XML mapping on the World Wide Web

The three most common ways to convert an XML document into a user-displayable form are:

  • Applying CSS styles;
  • Applying an XSLT transformation;
  • Writing an XML document handler in any programming language.
  • Without using CSS or XSL The XML document displays as plain text in most Web browsers. Some browsers, such as Internet Explorer, Mozilla and Mozilla Firefox, display the document structure in a tree view, allowing you to collapse and expand nodes with mouse clicks.

    Application CSS styles

    The process is similar to applying CSS to an HTML document for display.

    For applying CSS When displayed in a browser, the XML document must contain a special link to the style sheet. For example:

    This is different from the HTML approach, which uses the .

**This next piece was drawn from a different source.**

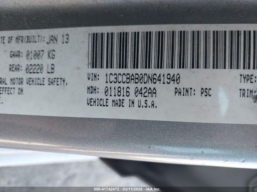 Color SilverCylinders 4Drive Front wheel driveVIN 1C3CCBAB0DN******State Run & Drive VerifiedDamage From the sidesAuction date 2025-03-20 AutoRIA
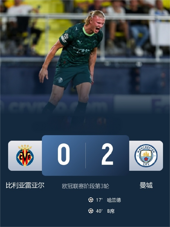 欧冠联赛阶段第3轮,曼城客场2比0战胜黄潜。哈兰德连续12场破门,B席建功。 ​​​​

    Applying an XSLT transformation

    XSL is a technology that describes how to format or transform XML document data. The document is transformed into a format suitable for display in a browser. The browser is the most frequent use XSL, but don't forget that using XSL you can transform XML into any format, for example

    Purpose of the lesson

    Introduction to XML technology. Explore the possibility of representing XML documents in HTML. Usage JavaScript scripts for navigating through an XML table and organizing data searches by condition. Recommended reading.

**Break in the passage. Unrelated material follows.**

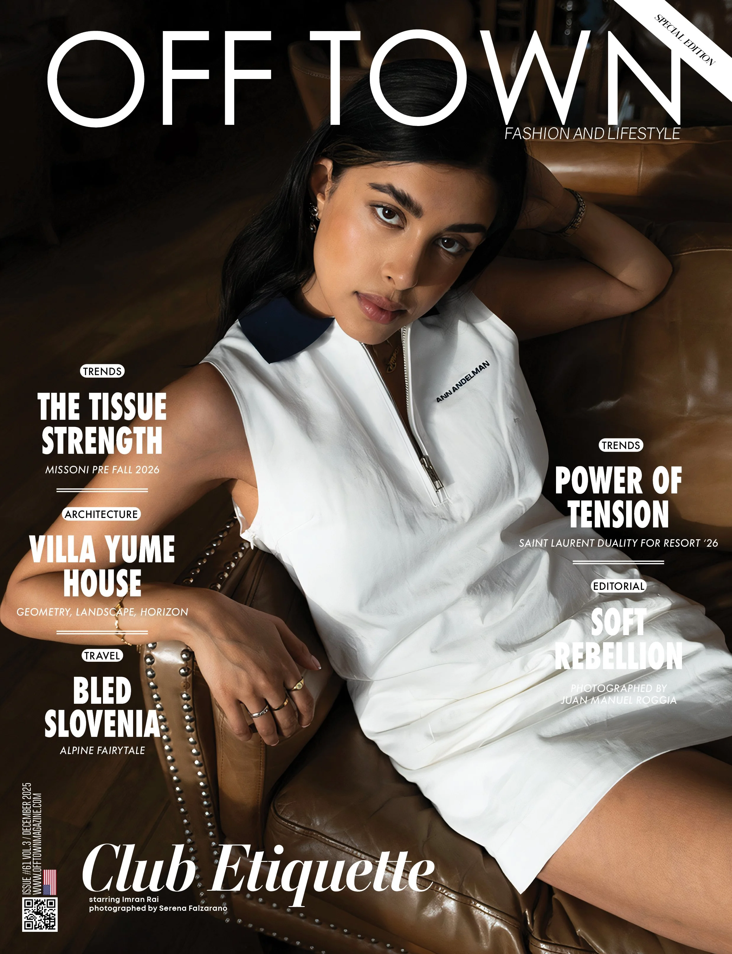 A woman with long, wavy black hair sitting on a green sofa in front of a wooden wall with framed abstract art. She is wearing a cream-colored dress with gold polka dots and a fur vest, and has dark nail polish. There is a vintage turquoise rotary phone on a side table beside her, and orange cushions are on the sofa.

    Brief theoretical information

    XML (eXtensible Markup Language) technology was created in the late 90s of the last century. The main advantages of XML text:

    □ has a database structure, accessible to computers and humans;

    □ conveniently processed by means modern languages programming;

    □ easily translated into HTML.

    Consider the following example of a text database written in XML:

    Three men in the boat

    Jerom-K-Jerom

    12000

    Notre Domme de Paris

    V.Hugo

    15000

    A War and Peace

    L. Tolstoy

    16500

    Angelika - the misstress of ghosts A and S. Gallen

    9000

    This is an example of a well-formed XML document whose elements are the tags , , , , ,

    Elements in the text are arranged like a tree with a head element. Each element has an associated closing element. The scope of each element is limited by the opening and closing elements. It is not allowed to cross the scope of elements, i.e. The areas are either nested within one another or do not intersect at all. An element whose scope contains the scope of all other elements is called the root element. An XML document can be thought of as a text database. The value of an element is the information placed between tags defining this element. So, the value of the first element is the string

    Three men in the boat.

    Type this text in any editor and save it as simple text file with an xml extension - for example, name this file textbd.xml. You can view this file with a browser Internet Explorer the same way you viewed HTML files. If there is an error, the XML interpreter will display detailed information about the location and essence of the error.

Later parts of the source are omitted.